Data integrity problem: namespaces with duplicate owner / owner_id rows
Per https://gitlab.com/gitlab-org/gitlab-ce/issues/42936 and https://gitlab.com/gitlab-org/gitlab-ce/issues/31967
Namespaces have a 1-1 relationship with users. All users must have_one
personal namespace. All namespaces must have a nil owner
or, for personal namespaces, belong_to :owner
Our database schema is such that we allow multiple personal namespaces with the same owner_id
, which leads the application to choosing one or the other at random when, e.g., creating a project in the user's personal namespace.

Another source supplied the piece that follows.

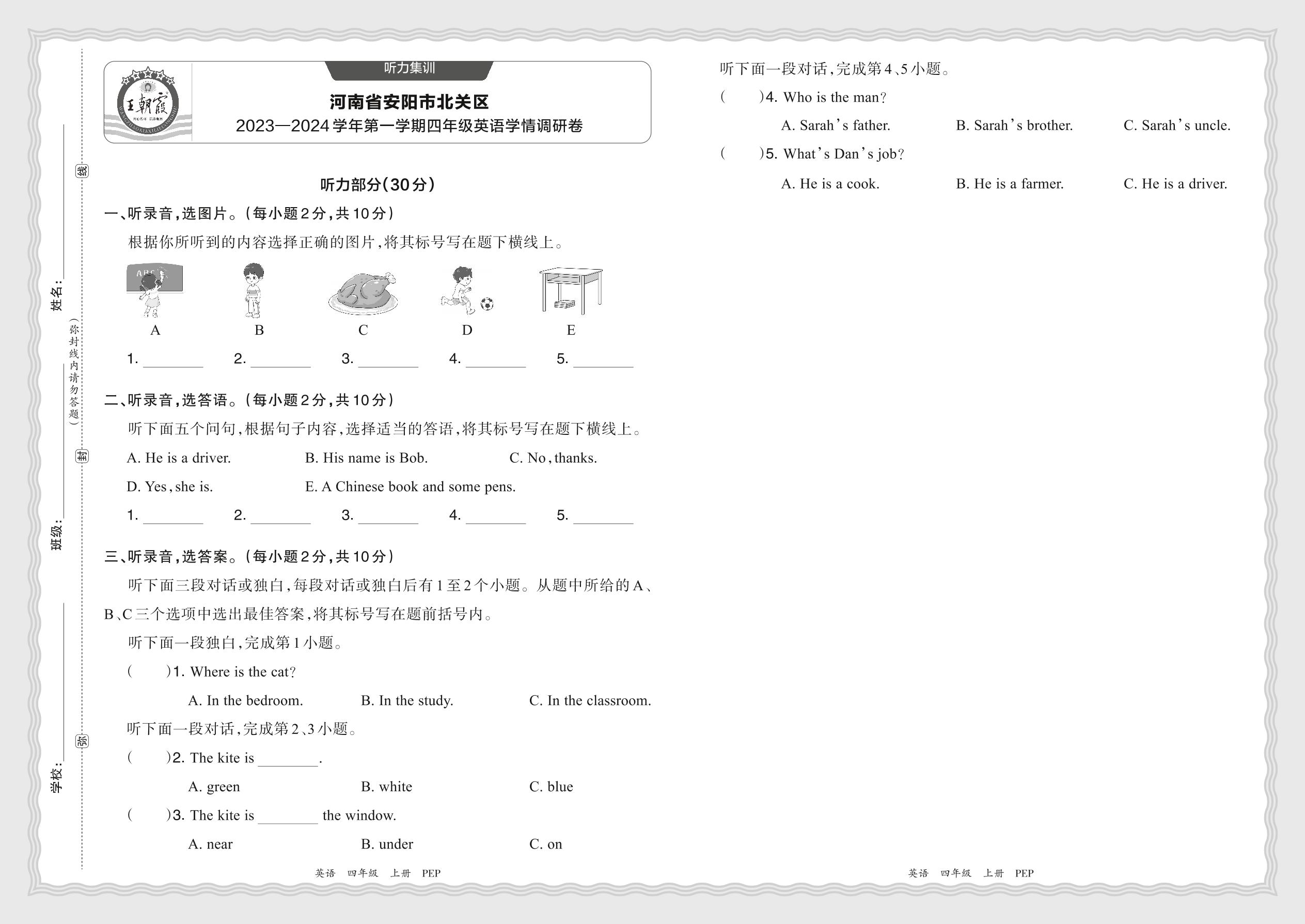 【听力集训】河南省安阳市北关区2023—2024学年第一学期四年级英语学情调研卷(人教PEP版)

In https://gitlab.com/gitlab-org/gitlab-ce/issues/31967, May 2017, we noted 188 entries violate this rule
. In https://gitlab.com/gitlab-org/gitlab-ce/merge_requests/17034#note_59177229, Feb 2018, we noted 16,365 duplicates
, suggesting that the problem is growing.

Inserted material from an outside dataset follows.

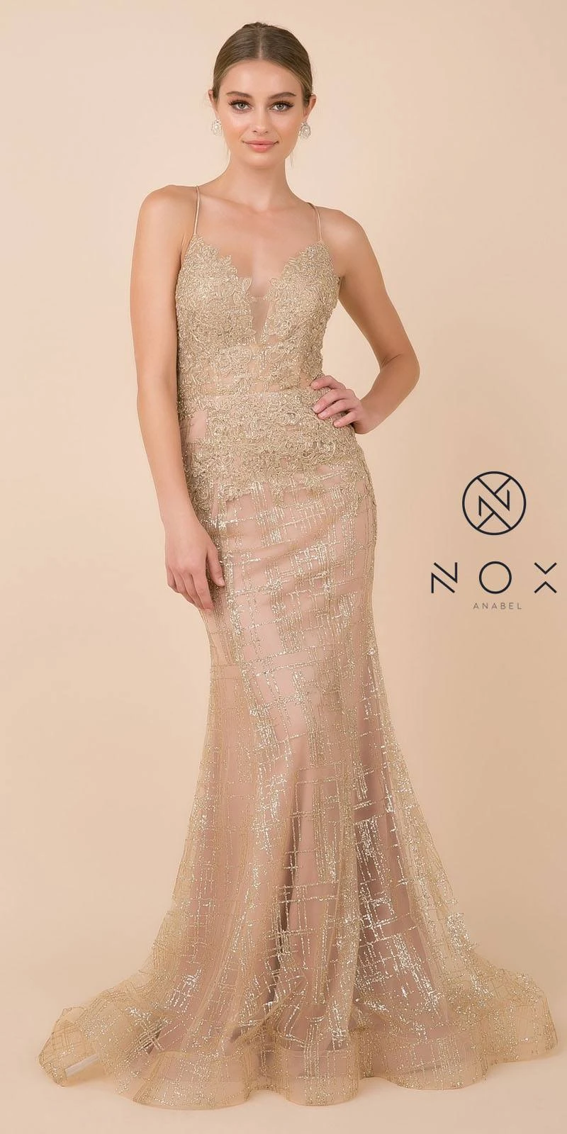 Stand out and shine with this mermaid silhouette floor-length formal dress by Nox Anabel R282-1. This made of glittery tulle dress features an applique decorated bodice with plunging V-neck and crisscross corset open-back. Fully lined with comfy fabric this evening gown is an excellent outfit for pageant, prom, red carpet events, gala or awards night or in any other formal events!

We need to decide on a data migration to resolve the problem and enforce a unique index on owner_id to prevent new entries invalid entries from being added.
This will break the application in the cases where it is currently creating duplicates, so we'll need to track down and fix that as well.

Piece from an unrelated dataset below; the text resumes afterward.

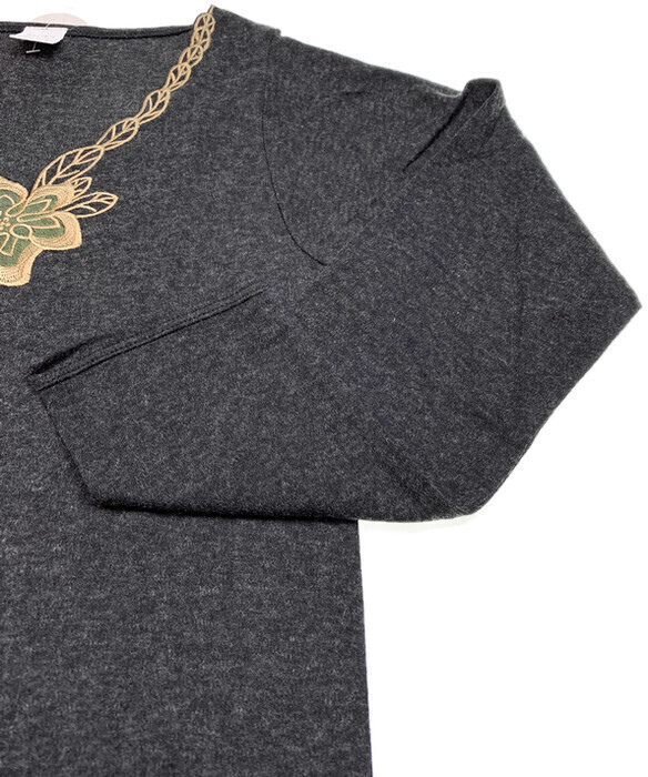 - Beautiful floral embroidered pattern on front v-neck.

I don't have a good idea of what negative consequences this bug has at the moment. At the least, it means we can't reliably tell which projects are in the same namespace. Renaming a user with these duplicated namespaces may also result in oddness, with only one of the namespaces acquiring the new username, and some projects being left in the old namespace. I don't know that we've seen any of this in production yet.